大﨑:テレビって家族のコミュニケーションにもなりますからね。例えば、エッチなシーンがある番組の最中には、お父さんが「みんなお風呂に入っておいで」と言ったりできますよね(笑)。でも、スマホの場合、子どもがエッチなサイトを見ていても何をしているのかがわからないという怖さがあるわけでしょ。テレビはオワコンと言われて久しいですが、メリットも多く、いい番組を作れば影響力があると思います。とはいえ、テレビが家族の中心にあった時代にはもう戻らないやろなあ。

大﨑会長の居場所はどこにあるのか

――今回の本のタイトル、そしてテーマは“居場所”ですね。激動の時代を歩んできた大﨑会長の居場所は現在、どこにあるのでしょうか。

大﨑:自身の居場所はどこでしょうか。この問いに答えるのは凄く難しいと思っています。この本を出させてもらって、そもそも俺って何をしたかったのかなと2~3週間くらい考えていたら、わからなくなった(笑)。

――とはいえ、大﨑会長と言えばやはりお笑いのイメージが強いです。やはりお笑いに関わることが天職であり、居場所なのではないかと思うのですが。

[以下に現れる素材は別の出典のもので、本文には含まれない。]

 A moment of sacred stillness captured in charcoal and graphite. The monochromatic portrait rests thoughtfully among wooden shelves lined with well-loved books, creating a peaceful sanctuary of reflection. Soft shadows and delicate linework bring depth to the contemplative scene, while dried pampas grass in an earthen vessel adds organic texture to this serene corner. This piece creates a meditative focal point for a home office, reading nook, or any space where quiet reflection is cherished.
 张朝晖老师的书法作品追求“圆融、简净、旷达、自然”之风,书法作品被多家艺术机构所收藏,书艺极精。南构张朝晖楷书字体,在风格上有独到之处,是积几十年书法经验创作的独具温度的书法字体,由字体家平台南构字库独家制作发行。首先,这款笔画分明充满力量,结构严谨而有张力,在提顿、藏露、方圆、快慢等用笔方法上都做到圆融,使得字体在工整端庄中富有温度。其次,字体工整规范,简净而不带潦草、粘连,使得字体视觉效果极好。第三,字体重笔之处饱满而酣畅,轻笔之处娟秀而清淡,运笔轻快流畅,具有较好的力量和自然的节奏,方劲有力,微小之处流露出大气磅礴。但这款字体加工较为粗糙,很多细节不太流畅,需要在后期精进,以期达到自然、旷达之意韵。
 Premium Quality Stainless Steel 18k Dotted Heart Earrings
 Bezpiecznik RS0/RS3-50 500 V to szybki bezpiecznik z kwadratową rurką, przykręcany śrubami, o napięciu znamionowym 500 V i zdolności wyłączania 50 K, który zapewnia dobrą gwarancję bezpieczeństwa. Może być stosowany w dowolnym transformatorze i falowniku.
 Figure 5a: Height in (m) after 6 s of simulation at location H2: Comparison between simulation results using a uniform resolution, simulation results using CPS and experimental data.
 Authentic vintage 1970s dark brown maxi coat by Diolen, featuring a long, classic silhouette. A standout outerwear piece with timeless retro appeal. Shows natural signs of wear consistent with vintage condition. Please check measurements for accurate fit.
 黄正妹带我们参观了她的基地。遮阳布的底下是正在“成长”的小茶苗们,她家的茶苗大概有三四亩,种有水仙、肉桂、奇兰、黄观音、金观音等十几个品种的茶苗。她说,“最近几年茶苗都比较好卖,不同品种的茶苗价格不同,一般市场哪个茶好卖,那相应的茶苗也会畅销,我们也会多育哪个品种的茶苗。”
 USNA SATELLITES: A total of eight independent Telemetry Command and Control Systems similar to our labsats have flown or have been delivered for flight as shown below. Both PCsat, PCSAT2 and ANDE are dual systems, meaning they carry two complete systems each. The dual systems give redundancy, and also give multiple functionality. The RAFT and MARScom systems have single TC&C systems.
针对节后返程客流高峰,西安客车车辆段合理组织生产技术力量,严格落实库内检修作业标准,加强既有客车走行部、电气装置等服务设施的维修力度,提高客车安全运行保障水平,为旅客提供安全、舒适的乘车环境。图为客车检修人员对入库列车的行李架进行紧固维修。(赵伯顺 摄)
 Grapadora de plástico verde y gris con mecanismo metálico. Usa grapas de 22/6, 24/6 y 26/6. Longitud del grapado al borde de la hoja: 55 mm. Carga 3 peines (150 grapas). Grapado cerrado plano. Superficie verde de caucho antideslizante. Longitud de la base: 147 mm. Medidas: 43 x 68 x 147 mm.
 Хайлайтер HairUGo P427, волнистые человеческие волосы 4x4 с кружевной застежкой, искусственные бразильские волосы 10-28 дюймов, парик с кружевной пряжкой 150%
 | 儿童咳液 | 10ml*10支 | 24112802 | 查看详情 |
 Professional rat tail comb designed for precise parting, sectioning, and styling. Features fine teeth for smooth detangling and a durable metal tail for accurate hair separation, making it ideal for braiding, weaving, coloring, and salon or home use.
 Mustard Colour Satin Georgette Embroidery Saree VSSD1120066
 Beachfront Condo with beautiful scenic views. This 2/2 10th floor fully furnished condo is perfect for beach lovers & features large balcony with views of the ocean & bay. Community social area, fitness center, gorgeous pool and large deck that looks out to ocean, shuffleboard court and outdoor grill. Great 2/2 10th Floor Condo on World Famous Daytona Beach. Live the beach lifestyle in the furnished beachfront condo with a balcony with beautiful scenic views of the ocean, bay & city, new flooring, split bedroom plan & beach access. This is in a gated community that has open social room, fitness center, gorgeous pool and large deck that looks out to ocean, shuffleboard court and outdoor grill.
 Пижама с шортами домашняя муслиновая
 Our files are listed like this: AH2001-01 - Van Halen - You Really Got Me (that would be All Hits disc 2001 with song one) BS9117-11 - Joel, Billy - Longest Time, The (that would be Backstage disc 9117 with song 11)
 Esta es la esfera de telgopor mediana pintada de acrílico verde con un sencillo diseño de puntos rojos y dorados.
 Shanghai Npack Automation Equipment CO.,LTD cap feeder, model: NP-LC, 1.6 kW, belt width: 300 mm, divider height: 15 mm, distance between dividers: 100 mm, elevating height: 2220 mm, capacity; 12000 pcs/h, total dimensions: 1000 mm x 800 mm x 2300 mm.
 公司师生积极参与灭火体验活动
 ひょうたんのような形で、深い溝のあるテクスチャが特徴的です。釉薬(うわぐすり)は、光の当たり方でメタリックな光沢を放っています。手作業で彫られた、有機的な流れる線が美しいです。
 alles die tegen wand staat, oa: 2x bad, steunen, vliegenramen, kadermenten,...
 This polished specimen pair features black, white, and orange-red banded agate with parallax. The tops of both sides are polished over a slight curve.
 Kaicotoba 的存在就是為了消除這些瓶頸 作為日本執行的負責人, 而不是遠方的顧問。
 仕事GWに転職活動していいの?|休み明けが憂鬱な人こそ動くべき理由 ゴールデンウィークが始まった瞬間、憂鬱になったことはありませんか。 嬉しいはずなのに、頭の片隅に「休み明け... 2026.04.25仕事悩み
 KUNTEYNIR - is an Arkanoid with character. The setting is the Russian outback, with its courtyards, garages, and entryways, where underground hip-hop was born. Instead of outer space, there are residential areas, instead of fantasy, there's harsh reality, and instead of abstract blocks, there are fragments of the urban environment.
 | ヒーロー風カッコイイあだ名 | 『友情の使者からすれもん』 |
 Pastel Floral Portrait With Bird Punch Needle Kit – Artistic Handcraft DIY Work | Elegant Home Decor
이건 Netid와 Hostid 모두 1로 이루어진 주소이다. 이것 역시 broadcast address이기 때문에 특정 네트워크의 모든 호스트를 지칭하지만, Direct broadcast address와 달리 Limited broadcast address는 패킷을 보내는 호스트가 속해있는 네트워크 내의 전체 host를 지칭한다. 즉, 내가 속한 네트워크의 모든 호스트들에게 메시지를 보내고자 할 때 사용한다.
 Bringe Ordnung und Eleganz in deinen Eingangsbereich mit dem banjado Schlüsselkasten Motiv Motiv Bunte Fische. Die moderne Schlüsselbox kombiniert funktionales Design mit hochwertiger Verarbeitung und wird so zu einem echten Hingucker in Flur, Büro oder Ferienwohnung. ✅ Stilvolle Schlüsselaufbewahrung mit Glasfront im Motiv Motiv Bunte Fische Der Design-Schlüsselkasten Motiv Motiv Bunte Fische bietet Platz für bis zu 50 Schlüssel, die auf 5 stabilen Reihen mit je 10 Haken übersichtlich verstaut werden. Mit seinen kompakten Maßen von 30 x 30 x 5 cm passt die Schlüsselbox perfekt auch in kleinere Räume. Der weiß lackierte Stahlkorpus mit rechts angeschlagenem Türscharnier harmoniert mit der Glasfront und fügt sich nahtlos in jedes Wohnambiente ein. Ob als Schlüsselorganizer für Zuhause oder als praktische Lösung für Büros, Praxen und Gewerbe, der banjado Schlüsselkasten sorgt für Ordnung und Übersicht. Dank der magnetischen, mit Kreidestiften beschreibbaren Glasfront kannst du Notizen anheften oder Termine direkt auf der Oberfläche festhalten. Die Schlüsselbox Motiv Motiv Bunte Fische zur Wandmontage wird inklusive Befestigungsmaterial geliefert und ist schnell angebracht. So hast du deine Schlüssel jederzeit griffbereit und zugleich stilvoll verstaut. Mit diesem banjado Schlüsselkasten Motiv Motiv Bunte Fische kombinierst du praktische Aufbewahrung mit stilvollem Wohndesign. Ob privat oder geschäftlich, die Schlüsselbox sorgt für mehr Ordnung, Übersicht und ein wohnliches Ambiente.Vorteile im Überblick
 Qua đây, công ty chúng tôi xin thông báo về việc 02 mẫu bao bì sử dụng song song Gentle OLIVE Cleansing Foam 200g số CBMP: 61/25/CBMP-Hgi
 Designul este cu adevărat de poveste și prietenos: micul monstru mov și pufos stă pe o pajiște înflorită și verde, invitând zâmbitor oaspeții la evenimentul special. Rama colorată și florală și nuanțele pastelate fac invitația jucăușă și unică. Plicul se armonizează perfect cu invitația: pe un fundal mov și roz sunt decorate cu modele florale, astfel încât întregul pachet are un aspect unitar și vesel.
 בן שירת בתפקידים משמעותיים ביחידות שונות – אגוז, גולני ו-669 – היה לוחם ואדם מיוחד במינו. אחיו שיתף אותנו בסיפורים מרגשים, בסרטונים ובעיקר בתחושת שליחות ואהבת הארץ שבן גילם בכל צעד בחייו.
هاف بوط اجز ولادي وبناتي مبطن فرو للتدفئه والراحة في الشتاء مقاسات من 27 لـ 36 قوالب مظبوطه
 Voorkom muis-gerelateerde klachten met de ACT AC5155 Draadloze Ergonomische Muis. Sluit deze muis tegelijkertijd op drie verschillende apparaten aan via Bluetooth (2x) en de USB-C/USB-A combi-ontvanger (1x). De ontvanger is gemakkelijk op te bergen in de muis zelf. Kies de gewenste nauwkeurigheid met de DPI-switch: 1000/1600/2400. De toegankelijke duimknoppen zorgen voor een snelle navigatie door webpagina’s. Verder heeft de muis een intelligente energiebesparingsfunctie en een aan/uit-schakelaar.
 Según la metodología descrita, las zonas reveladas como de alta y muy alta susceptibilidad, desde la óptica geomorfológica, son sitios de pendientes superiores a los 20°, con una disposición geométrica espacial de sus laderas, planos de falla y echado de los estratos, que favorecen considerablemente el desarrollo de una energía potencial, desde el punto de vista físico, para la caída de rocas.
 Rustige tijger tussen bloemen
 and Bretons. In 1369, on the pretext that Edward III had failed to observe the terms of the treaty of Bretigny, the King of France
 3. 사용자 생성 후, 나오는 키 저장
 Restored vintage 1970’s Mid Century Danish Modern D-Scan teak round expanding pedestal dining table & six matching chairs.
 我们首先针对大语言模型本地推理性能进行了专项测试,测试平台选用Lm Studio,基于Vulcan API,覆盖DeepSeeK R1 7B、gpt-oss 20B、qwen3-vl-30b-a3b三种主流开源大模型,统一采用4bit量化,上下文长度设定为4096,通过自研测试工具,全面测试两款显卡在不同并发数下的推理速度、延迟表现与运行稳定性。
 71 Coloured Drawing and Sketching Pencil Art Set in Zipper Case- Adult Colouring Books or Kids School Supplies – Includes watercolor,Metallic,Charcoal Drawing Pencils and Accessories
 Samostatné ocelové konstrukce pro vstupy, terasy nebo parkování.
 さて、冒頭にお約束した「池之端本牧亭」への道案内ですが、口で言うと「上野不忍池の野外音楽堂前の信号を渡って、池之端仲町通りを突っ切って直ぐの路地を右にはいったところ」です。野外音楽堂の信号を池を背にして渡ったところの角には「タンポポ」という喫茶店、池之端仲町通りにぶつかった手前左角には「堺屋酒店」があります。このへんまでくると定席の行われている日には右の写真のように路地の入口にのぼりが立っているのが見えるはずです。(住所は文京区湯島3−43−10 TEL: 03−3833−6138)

大﨑:お笑いは……もう飽きた(笑)。でも、僕なりにお笑いの勉強や経験をして、毎日楽しかった思い出なりを、居場所がない若者と共有してみたいとは思っていますね。ダウンタウンがテレビに出たとき、僕もふたりもお互いに教えたり教えられたりしたんですよ。そういう関係を作れる立場に、もう一度戻ってみたいかな。ひょっとすると、僕の70歳以降の居場所はそれなのかなと思ってもいます。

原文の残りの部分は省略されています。